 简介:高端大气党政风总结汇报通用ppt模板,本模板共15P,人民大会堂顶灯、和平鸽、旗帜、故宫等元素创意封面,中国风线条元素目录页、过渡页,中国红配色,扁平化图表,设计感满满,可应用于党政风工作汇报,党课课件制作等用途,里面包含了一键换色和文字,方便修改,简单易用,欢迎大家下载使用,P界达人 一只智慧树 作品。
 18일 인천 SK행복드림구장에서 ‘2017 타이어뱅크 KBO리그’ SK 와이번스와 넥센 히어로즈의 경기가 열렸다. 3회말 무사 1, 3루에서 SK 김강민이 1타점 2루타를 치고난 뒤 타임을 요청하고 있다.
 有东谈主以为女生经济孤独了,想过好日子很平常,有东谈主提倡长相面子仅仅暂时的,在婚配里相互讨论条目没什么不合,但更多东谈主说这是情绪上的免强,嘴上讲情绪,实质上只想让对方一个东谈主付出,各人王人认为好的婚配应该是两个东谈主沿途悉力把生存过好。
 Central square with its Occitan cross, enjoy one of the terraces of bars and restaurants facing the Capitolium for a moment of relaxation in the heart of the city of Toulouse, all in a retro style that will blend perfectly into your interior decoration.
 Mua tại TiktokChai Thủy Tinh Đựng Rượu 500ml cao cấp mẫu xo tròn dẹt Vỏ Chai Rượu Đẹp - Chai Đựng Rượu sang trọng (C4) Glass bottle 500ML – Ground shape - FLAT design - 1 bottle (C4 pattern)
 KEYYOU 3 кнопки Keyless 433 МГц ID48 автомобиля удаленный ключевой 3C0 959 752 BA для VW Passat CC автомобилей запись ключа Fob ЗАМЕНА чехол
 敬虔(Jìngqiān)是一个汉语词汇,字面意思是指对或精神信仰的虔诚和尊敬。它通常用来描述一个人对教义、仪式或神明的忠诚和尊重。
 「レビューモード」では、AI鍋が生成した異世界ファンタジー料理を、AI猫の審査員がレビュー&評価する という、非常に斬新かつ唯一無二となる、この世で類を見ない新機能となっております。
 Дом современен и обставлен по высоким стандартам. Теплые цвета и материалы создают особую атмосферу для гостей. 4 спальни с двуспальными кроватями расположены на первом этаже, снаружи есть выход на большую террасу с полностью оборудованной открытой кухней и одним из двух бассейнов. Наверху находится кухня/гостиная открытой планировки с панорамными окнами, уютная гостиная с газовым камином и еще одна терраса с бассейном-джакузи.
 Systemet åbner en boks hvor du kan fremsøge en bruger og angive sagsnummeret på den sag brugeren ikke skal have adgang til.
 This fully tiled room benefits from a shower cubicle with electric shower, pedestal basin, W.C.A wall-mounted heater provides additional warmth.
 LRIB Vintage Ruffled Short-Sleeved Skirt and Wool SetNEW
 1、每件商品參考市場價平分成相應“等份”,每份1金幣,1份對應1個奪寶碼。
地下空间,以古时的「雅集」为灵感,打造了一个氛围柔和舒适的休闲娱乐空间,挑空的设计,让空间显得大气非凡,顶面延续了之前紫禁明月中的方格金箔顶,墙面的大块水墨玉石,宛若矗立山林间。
□ □ □ □ □
Activity:
Would you please copy out every line of the data exactly?

Written answer:
 简介:高端大气党政风总结汇报通用ppt模板,本模板共15P,人民大会堂顶灯、和平鸽、旗帜、故宫等元素创意封面,中国风线条元素目录页、过渡页,中国红配色,扁平化图表,设计感满满,可应用于党政风工作汇报,党课课件制作等用途,里面包含了一键换色和文字,方便修改,简单易用,欢迎大家下载使用,P界达人 一只智慧树 作品。
 18일 인천 SK행복드림구장에서 ‘2017 타이어뱅크 KBO리그’ SK 와이번스와 넥센 히어로즈의 경기가 열렸다. 3회말 무사 1, 3루에서 SK 김강민이 1타점 2루타를 치고난 뒤 타임을 요청하고 있다.
 有东谈主以为女生经济孤独了,想过好日子很平常,有东谈主提倡长相面子仅仅暂时的,在婚配里相互讨论条目没什么不合,但更多东谈主说这是情绪上的免强,嘴上讲情绪,实质上只想让对方一个东谈主付出,各人王人认为好的婚配应该是两个东谈主沿途悉力把生存过好。
 Central square with its Occitan cross, enjoy one of the terraces of bars and restaurants facing the Capitolium for a moment of relaxation in the heart of the city of Toulouse, all in a retro style that will blend perfectly into your interior decoration.
 Mua tại TiktokChai Thủy Tinh Đựng Rượu 500ml cao cấp mẫu xo tròn dẹt Vỏ Chai Rượu Đẹp - Chai Đựng Rượu sang trọng (C4) Glass bottle 500ML – Ground shape - FLAT design - 1 bottle (C4 pattern)
 KEYYOU 3 кнопки Keyless 433 МГц ID48 автомобиля удаленный ключевой 3C0 959 752 BA для VW Passat CC автомобилей запись ключа Fob ЗАМЕНА чехол
 敬虔(Jìngqiān)是一个汉语词汇,字面意思是指对或精神信仰的虔诚和尊敬。它通常用来描述一个人对教义、仪式或神明的忠诚和尊重。
 「レビューモード」では、AI鍋が生成した異世界ファンタジー料理を、AI猫の審査員がレビュー&評価する という、非常に斬新かつ唯一無二となる、この世で類を見ない新機能となっております。
 Дом современен и обставлен по высоким стандартам. Теплые цвета и материалы создают особую атмосферу для гостей. 4 спальни с двуспальными кроватями расположены на первом этаже, снаружи есть выход на большую террасу с полностью оборудованной открытой кухней и одним из двух бассейнов. Наверху находится кухня/гостиная открытой планировки с панорамными окнами, уютная гостиная с газовым камином и еще одна терраса с бассейном-джакузи.
 Systemet åbner en boks hvor du kan fremsøge en bruger og angive sagsnummeret på den sag brugeren ikke skal have adgang til.
 This fully tiled room benefits from a shower cubicle with electric shower, pedestal basin, W.C.A wall-mounted heater provides additional warmth.
 LRIB Vintage Ruffled Short-Sleeved Skirt and Wool SetNEW
 1、每件商品參考市場價平分成相應“等份”,每份1金幣,1份對應1個奪寶碼。
地下空间,以古时的「雅集」为灵感,打造了一个氛围柔和舒适的休闲娱乐空间,挑空的设计,让空间显得大气非凡,顶面延续了之前紫禁明月中的方格金箔顶,墙面的大块水墨玉石,宛若矗立山林间。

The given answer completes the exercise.